Почему она отважно осталась тогда в его избушке, а потом стала ходить туда вместе с ним, а то и одна, и сидела часами, ожидая, когда он явится? Он появлялся неожиданно, всегда растрепанный, в запыленной рубашке и техасах, неся в руках то арбуз, то картошку в сетке, то бутылку вина в кармане. Аля потом уж догадалась, что он ходит на станцию или на винзавод разгружать вагоны. А тогда ей было все равно. Она ждала, и он приходил. Так почему же она на долгие часы заточала себя в угрюмой избушке? Это была игра, завершение которой сулило что-то действительное, явное. Именно в этой игре она была самостоятельна, и не в том, что было для нее действительно жизнью: ведь даже освободившись от опеки учителей и частично от матери, она была откровенно опекаема Симой Родионовной. Даже влюбленность, даже рабская покорность Илюшки как бы лишали ее самостоятельности. Здесь она полностью владычествовала собой, своими действиями, и только от нее самой зависело, чем же кончится ее необычное приключение.

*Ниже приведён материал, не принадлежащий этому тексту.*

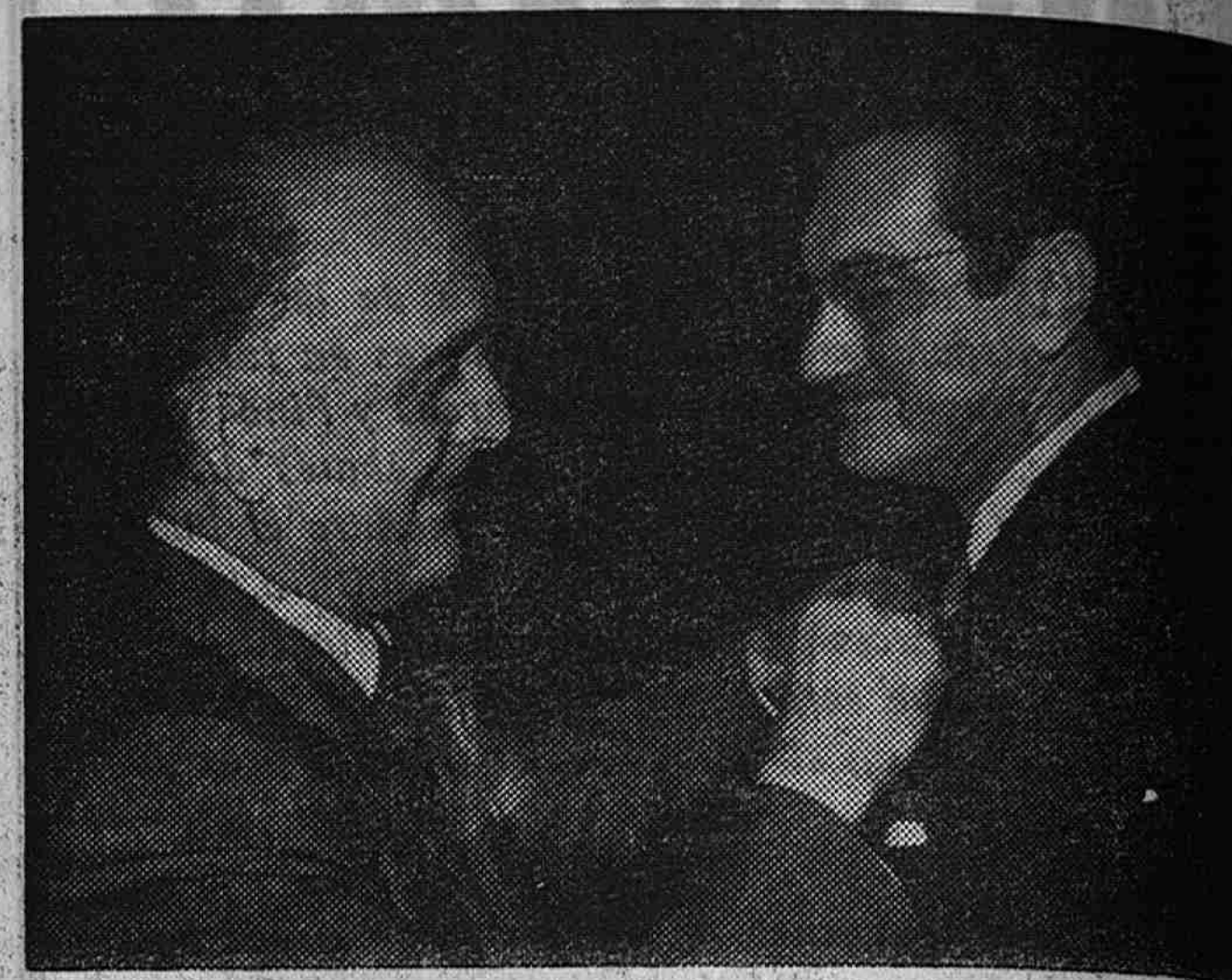
El Ministro de Trabajo, don Licinio de la Fuente, impone la medalla de oro al Mérito en el Trabajo al Ministro de Relaciones Sindicales, don Enrique García-Ramal.

«La trayectoria vital de Enrique García-Ramal es significativa de los hombres de su generación. Esa generación que se encontró una Patria alicaída, rota, dramáticamente convulsionada en lucha consigo misma y con sus viejas contradicciones internas, y a la que encendió, primero con su ilusión, fecundó luego con su sangre, levantó después con su trabajo y está sosteniendo ahora con sus experiencias y ha servido siempre con su lealtad. Y la trayectoria de García-Ra-

…Он явился обросший, осунувшийся, и вид у него был такой радостно-покаянный, что она приблизилась к нему и погладила по жесткой щеке.
— Стой, молчи! — сказал он. — Мы поженимся… молчи!
Она заметила, что он все это время держит руку в кармане (потом оказалось, что он сжимал в ладони пачку денег, заработанных за две недели — они оформляли дом культуры в поселке цинкового завода).
— Сами, понимаешь? — говорил он, глядя на нее яркими глазами. — Никакой анахронической свадьбы, а… знаешь, на даче у Филиппова!
Уж неизвестно, чего ему стоило устроить свадьбу на даче у Филиппова, но они поехали туда на двух такси, было интересно, и пить и есть было что, и художники оказались веселыми и доброжелательными. Но прежде ей довелось испытать мучительные минуты в загсе. Во-первых, ей не хотелось, чтобы в свадьбе участвовали ее родичи и прежние соседи по поселку; но так как матери она не могла не сказать о регистрации, то была уверена, что родичи и соседи явятся в загс. Стыдясь, мучаясь, злясь, она сказала маме, что регистрация в три, на самом же деле им с Женей велено было явиться в два. Во-вторых, Жене вдруг взбрело регистрироваться т о р ж е с т в е н н о, и вот работница загса засуетилась, кликнула какого-то Назима, и этот Назим, косоплечий, очкастый парень, начал крутить музыкальные записи, пока наконец не отыскался марш Мендельсона. Под этот марш они и двинулись к длинному, внушительному столу и выслушали от работницы загса т о р ж е с т в е н н о е поздравление. И тут же, слава богу, уехали.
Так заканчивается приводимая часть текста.